Expenses and payments?

If as part of the study you incur any reasonable incidental expenses, such as travel, then these will be met. Please bring these to my attention prior to our meeting to enable budgeting and please retain any relevant receipts.

 

What are the possible disadvantages and risks of taking part?

As this research is based on an interview there are no risks to your health, however IBS can be a very personal topic and I advise you to consider how comfortable you will feel divulging personal experience to a relative stranger and in particularly to consider this when deciding where you would like me to meet you for the interview.

 

Is it confidential?

All information is confidential and will only be seen in full by myself and a transcriber who is bound by confidentiality. During the transcription phase identifying details will be removed to maintain your anonymity. Your details will be retained by myself for a period of 10 years in a secure locked file, after which they will be appropriately destroyed. Your data will not be used for any purpose other than those directly related with this study.

 

What if there is a problem?

In any study there are a number of possible problems which may arise. The most common of which is that you need to cancel or rearrange the appointment for the interview, in this eventuality please contact me (Matt) on 0739 295 7945.

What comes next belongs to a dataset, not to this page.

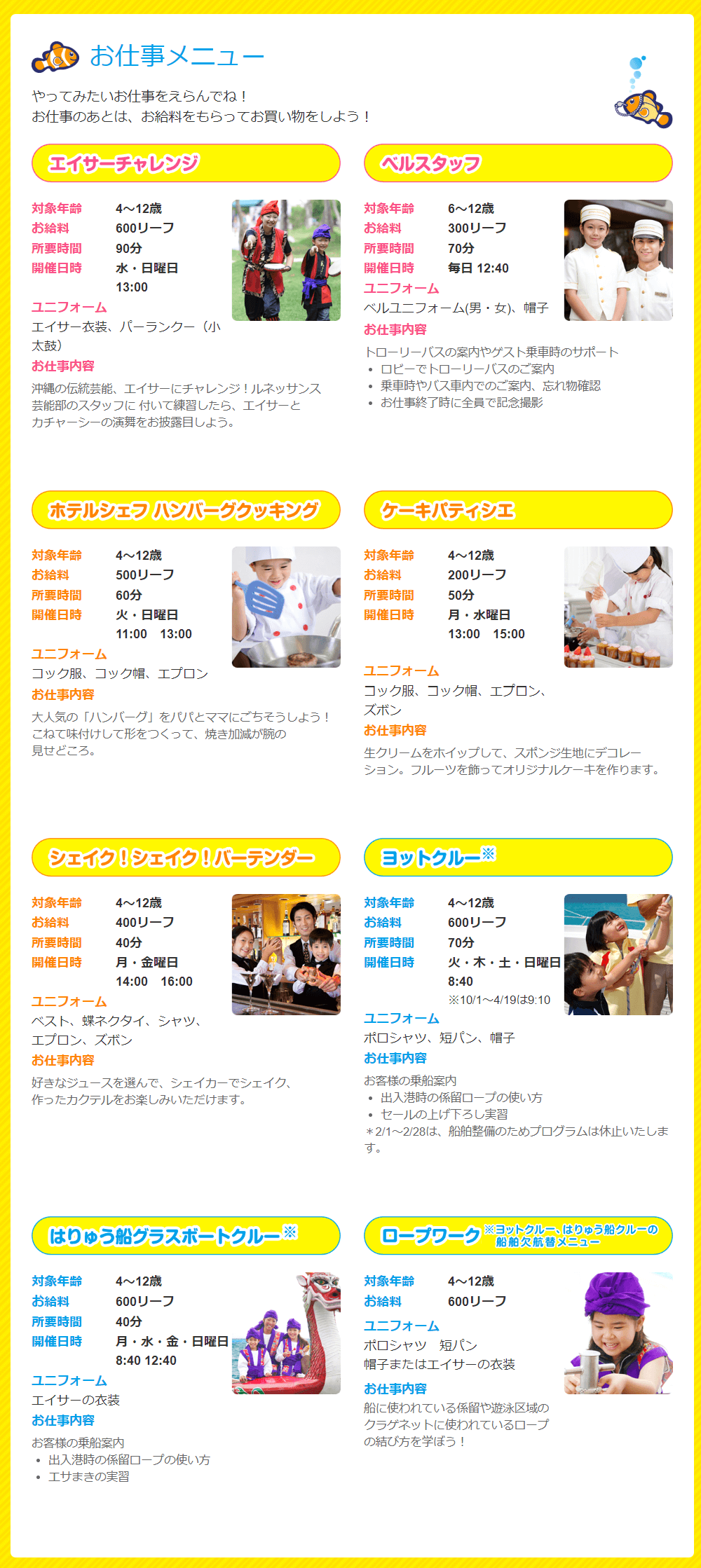 ベルスタッフなどホテルのお仕事を体験して、ホテル内で使えるリーフというお給料をもらうというものです。ルネッサンス版キッザニアですね。公式ホームページは以下からどうぞ!

In the event of a more serious problem or complaint you may contact myself (Matt 0739 295 7945) or if you would prefer to speak to someone else then please contact Professor Sheila Greenfield who is supervising this research on 0121 414 6493.

You are entitled to withdraw from the study at any point up to a month after the interview.

 

What will happen to the results of the research study?

The research is primarily for academic purposes and as such will be used, in an anonymised form, to help write an article for a peer reviewed journal and be used as part of my PhD thesis. Specifically, verbatim quotes may be used, these will not be identifiable.

 

Who is organising or sponsoring the research?

The research is being organised with the University of Birmingham and is receiving no funding from any other sources.

 

Further information and contact details:

Mobile 0739 295 7945

University E-mail  MJK599@student.bham.ac.uk

 

The Interviewer

Matt Krouwel is a Post graduate research student with University of Birmingham working towards a PhD in Health and Population Science.